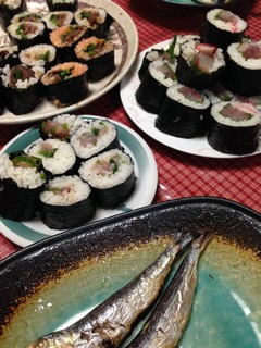 休みだから巻きずしもちょっと凝ったのをつくろうかとも思ったけど
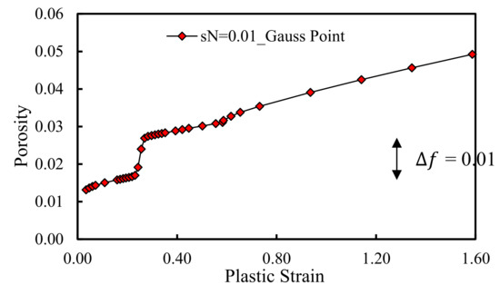 Porosity accumulation due to the occurrence of plastic strain at the Gauss point located immediately after the node containing the crack tip.
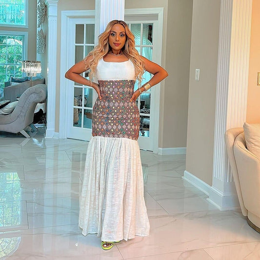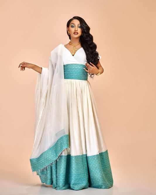 Modern Menen Habesha Kemis with a Gorgeous Tilf Pattern and Shimena Dress, Habesha Kemis, Eritrean dress, ሀበሻ
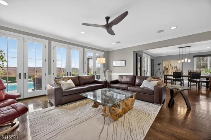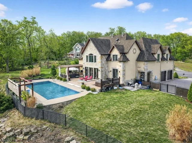 Perched above Lake Mohawk with sweeping water and mountain views, this architecturally striking European-inspired cul-de-sac residence offers resort-style living minutes from Sparta’s vibrant town center. Stone and stucco detailing, dramatic roof lines, and beautifully scaled interiors create a distinctive presence while refined finishes provide both elegance and comfort.At the heart of the home, the chef’s kitchen features professional-grade stainless appliances, custom cabinets and an expansive center island ideal for gathering. A built-in beverage bar connects seamlessly to the living and dining spaces, creating effortless flow for entertaining. FIVE sets of french doors from the den, living room and dining room open directly to the terrace, placing the resort-style backyard just steps away and creating seamless indoor-outdoor living. The outdoor setting includes a heated in-ground pool, pergolas, fireplace, and garden area perfect for summer evenings and weekend gatherings.Upstairs, spacious bedrooms offer spa-like baths and scenic views. The finished walkout lower level provides flexible space for media, fitness, office, or recreation. Natural gas line to home and meter installed.Surrounded by the lifestyle amenities that define the region, including nearby championship golf courses, Crystal Springs Resort, fine dining, skiing, boating, hiking, and year-round outdoor recreation. A rare opportunity to enjoy resort-style living in the scenic hills above Lake Mohawk.
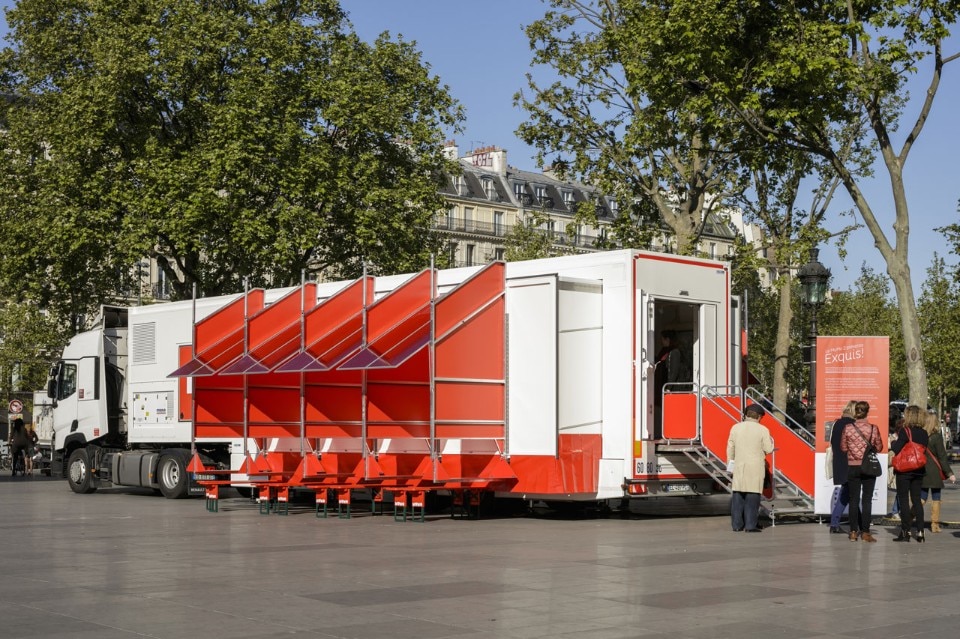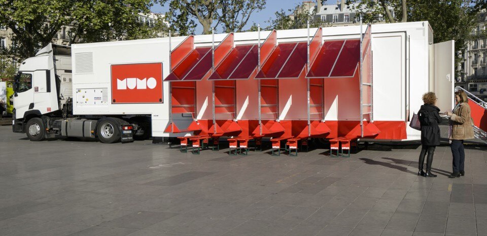MuMo is a lorry that arrives in a village and brings an altered reality, just like a circus. Imagined as an open sharing place for a more intimate approach to contemporary art, the new version of the MuMo shelters a modular show space and a projection room for broadcasting the collections of the “Regional contemporary art funds” (Frac).
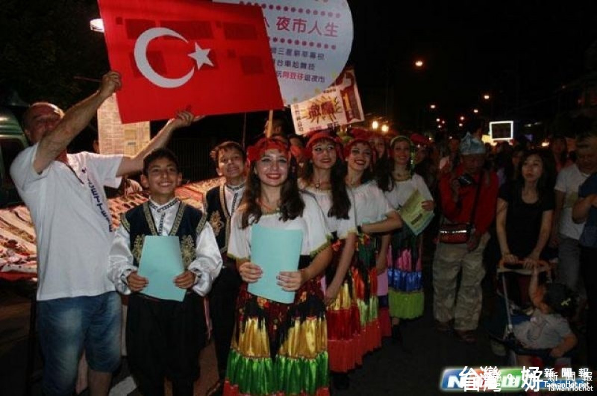 土耳其「哈塞德貝大學附設兒童和青年民俗舞蹈團」的團員們,沿著清溝夜市或擊鼓唱歌,或廣發傳單,在人聲鼎沸的夜市宣傳「童玩ㄟ夜市人生」活動,所到之處立即成為眾所注目的焦點,也引來一些民眾熱情回應,兩國國人能夠相遇清溝街頭,也算是一種非常特別的機緣巧遇。
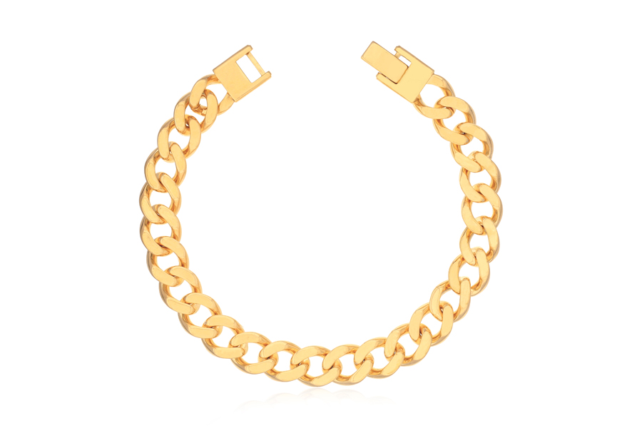 PULSEIRA BANHADA EM OURO, ELO 5mm LARGURA, 18cm COMPRIMENTO E MEDALHA PAI NOSSO 26mm DIÂMETRO
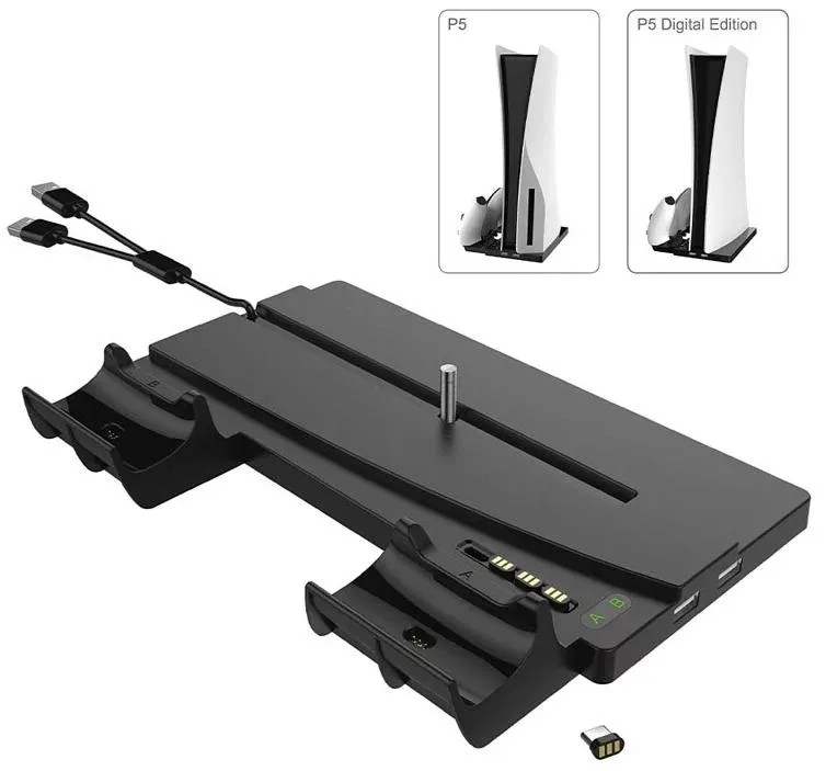 * Служит в роли зарядной станции для 2-х оригинальных контроллеров DualSense (присутствует LED индикатор зарядки геймпадов).
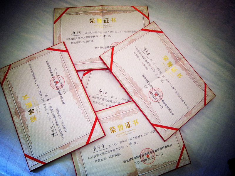 本次全国技能大赛分预赛和决赛,共45所院校参加预赛,经过选拔,有24所高职院校100多名学生参加本次个人和团体决赛的角逐。其中,我院2名学生进入个人赛决赛、4名学生进入团体赛决赛。经过两天紧张激烈的比赛,我院应用韩语专业唐珂同学荣获个人赛三等奖,商燕君、唐珂、陈兴兴、黄莎莎同学荣获团体赛三等奖。宋开春、张娟老师分别荣获优秀指导教师奖。
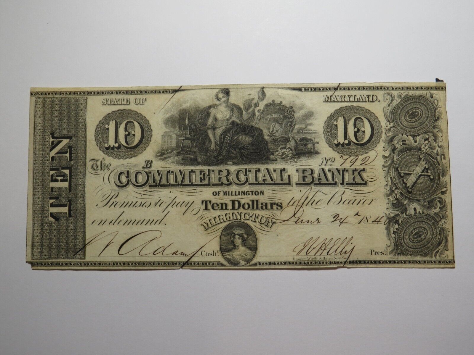$10 1840 Millington Maryland MD Obsolete Currency Bank Note Bill Commercial Bank
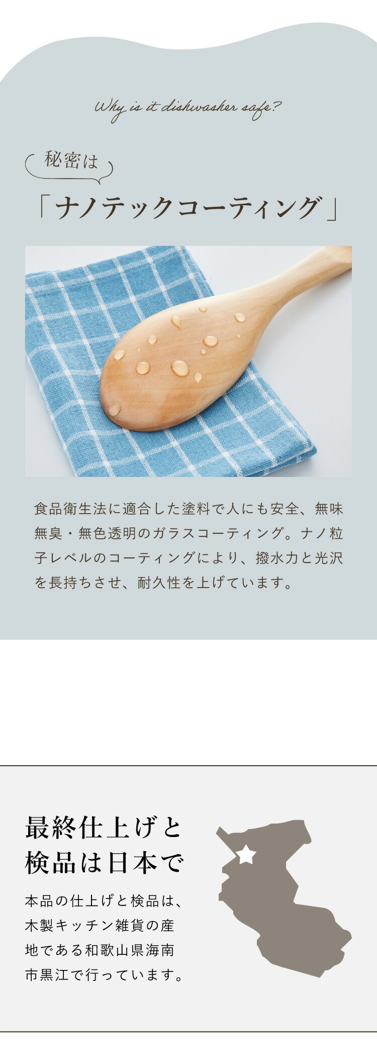 従来の木製製品は食洗機の使用はできませんでしたが、「ナノテックコーティング」という特殊加工を施すことで食洗機対応となっています。
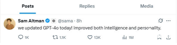 2025年4月25日,OpenAI的首席执行官山姆·奥斯特在社交媒体平台称,模型已进行进一步的改进与升级,主要体现在智能表现与个性化两个方面。

+++

**YOUR INSTRUCTIONS:** To answer, repeat exactly the lines from the line containing "従来の木製製品は食洗機の使用" through the last line of the data above, leaving out all pictures.

**PROBLEM SOLUTION:**
 従来の木製製品は食洗機の使用はできませんでしたが、「ナノテックコーティング」という特殊加工を施すことで食洗機対応となっています。
 2025年4月25日,OpenAI的首席执行官山姆·奥斯特在社交媒体平台称,模型已进行进一步的改进与升级,主要体现在智能表现与个性化两个方面。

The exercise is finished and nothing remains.